The Courier received a letter regarding my FEMA series

The Courier often receives Letters to the Editor. This one came in recently from a concerned Republican.

His concern is that our newspaper is being used as a platform for Rep. Frank Pallone, D-N.J., and his “reactive,” not proactive, response to the Federal Emergency Management Agency (FEMA) situation in the Bayshore. I applaud your concern! Not many people care enough about FEMA to write such a lengthy, intellectual letter about its coverage in the newspaper.

Robert E. McLeod makes it a point to ridicule The Courier’s “journalists,” stating at one point, “I know it is easier to simply regurgitate Pallone’s press releases, but journalism does have a higher duty.”

It’s ironic, because I actually did a lot of work with Congressman Pallone and have been on the phone with him and his office quite often. No statement from Pallone was ever e-mailed to me, nor did I “regurgitate” it from a press release. I have interviewed the congressman on several occasions.

Fact: Pallone is a Democrat. Wow, really? I had NO idea. Wake up, McLeod. The Bayshore revolves around a political circus. Thanks for pointing out the obvious.

If you’ve been keeping up with my series, and if you’re actually reading the articles other than trying to decipher the headlines, than you’ll see I noted which parties, groups or persons did not return my phone calls.
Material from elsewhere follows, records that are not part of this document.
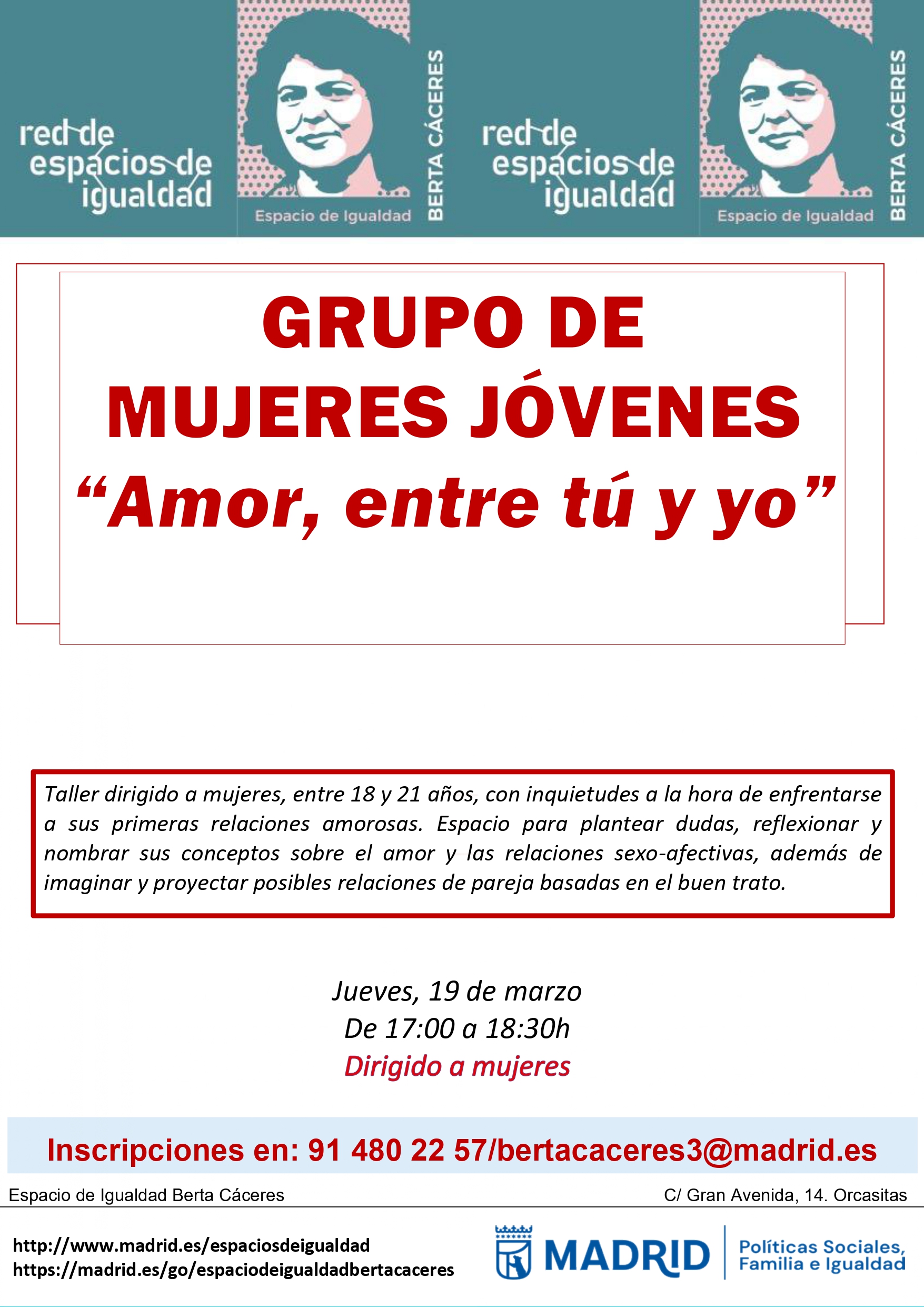 Amor, entre tú y yo. Grupo de mujeres jóvenesJueves 19 de marzo de 2026 a las 17:00 horas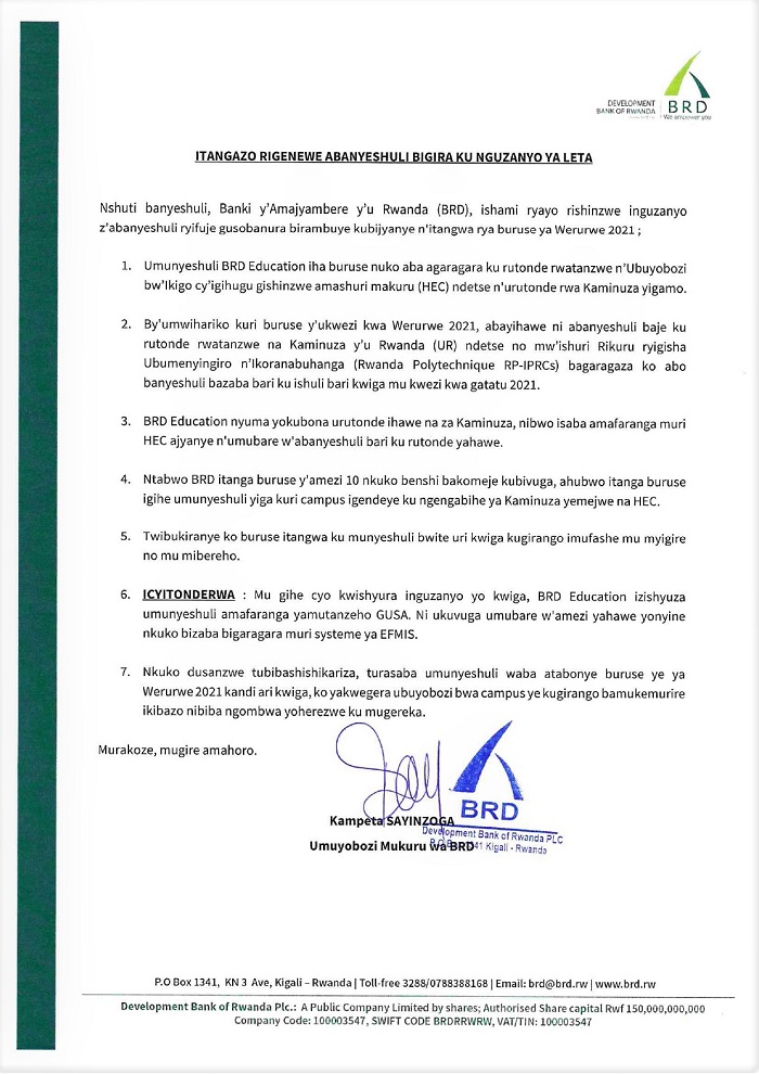 Banki y’Amajyambere y’u Rwanda (BRD), ishami ryayo rishinzwe inguzanyo z’abanyeshuri, yageneye abanyeshuri bigira ku nguzanyo ya Leta itangazo ribasobanurira imitangire ya Buruse n’imikoreshereze yayo.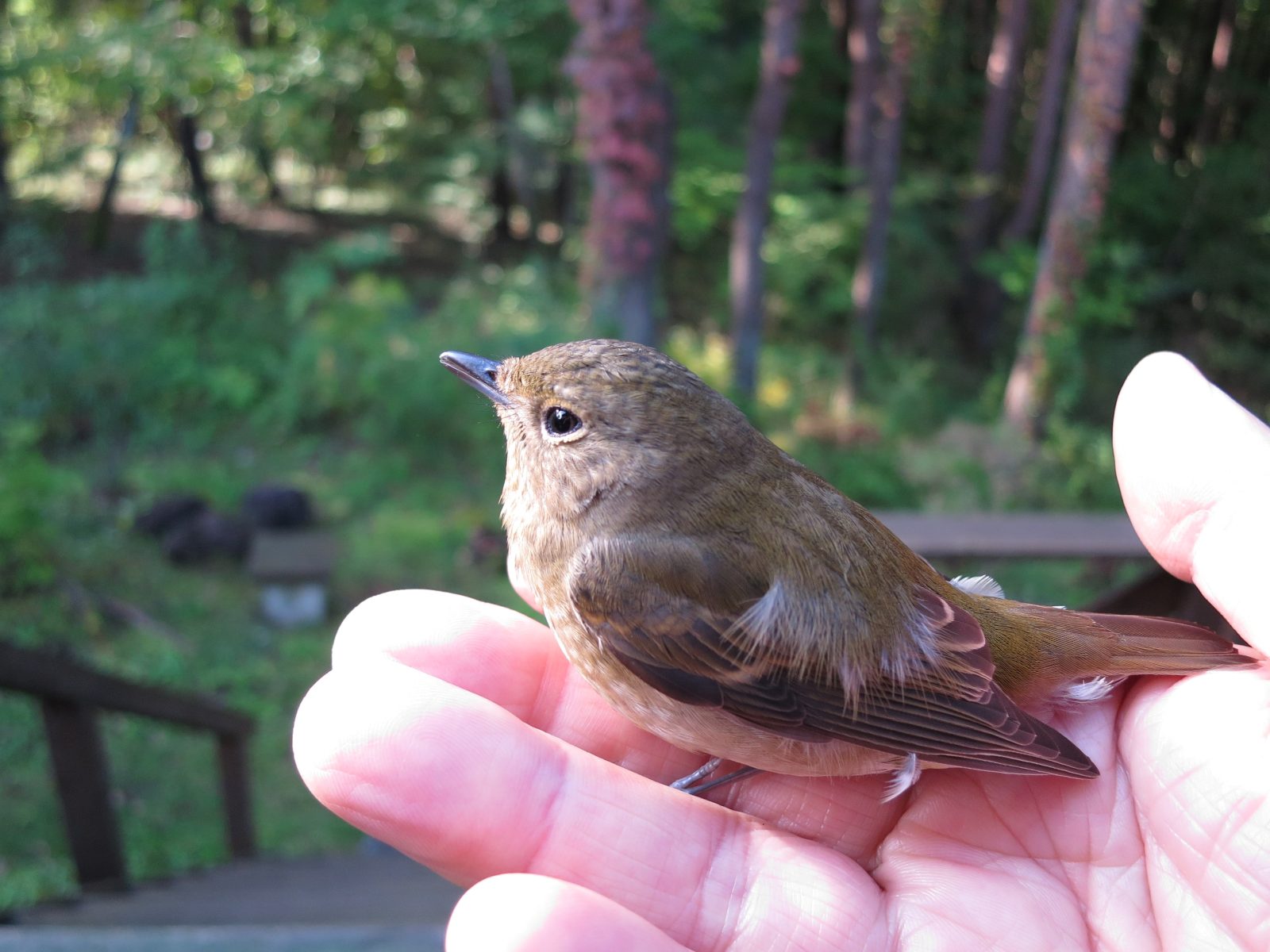 秋になり窓拭きを終え、網戸を外した窓へ激突したキビタキの子。音に気付き拾い上げてみましたが・・・。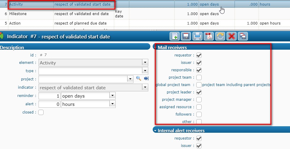 Do you have in the indicator menu an indicator create for the activities which sends an email when the validated start date is exceeded?

If you’ll also recall, at one point Assemblywoman Amy Handlin was the subject of a story involving the “Flood map fallout.”

Fact: Most Republicans don’t return my phone calls and pretend as if I don’t exist when they see me in public. I cannot change that fact; I can only continue my persistence in presenting both sides of the story.

As for being Pallone’s “mouthpiece,” all I have to say is that journalists are exactly that: We’re the voice, you’re the bigmouths. Congressman Pallone has been persistent in making his voice heard on the FEMA issue. Other politicians have not.

I will not be accused of being one-sided when the other side chooses not to respond.

Sorry, Mr. Republican. In my opinion, if you’re been following the series, you must be fuming at this point.

As for any “neophyte” such as yourself being able to do the type of research that I have conducted: Yea RIGHT. If you’re so diligent, try checking in with your party and see that the Republicans have done little to nothing on the FEMA issue in almost the entire Bayshore, give or take Union Beach.

FEMA has said outright that any petition really does nothing within the agency – especially halt the implementation of flood maps – other than show that someone went and rounded up a whole lot of signatures. Which, by the way, apparently Handlin has about 1,300 signatures at this point. That doesn’t even encompass half of the newly affected residents who will pay flood insurance, and it doesn’t even touch the actual number of residents in the Bayshore.

I don’t create the party lines. I’m “just” a reporter.

Here’s the letter in its entirety. Enjoy :)

Pallone’s mouthpiece?

To the Editor:

Your paper’s coverage of the FEMA flood map issue confirms its role as the official media outlet of Frank Pallone’s Ministry of Propaganda.

All one has to do is type “FEMA” and “flood plain maps” into the Internet search engine of choice and up pops volumes of articles from across the country addressing this controversy. Every salt water and fresh water coast or river bank has been under review by FEMA pursuant to Congressional mandate. The most recent flurry of activity appears to have begun in 2001/2002 but some of it appears to have started in the late 1990s.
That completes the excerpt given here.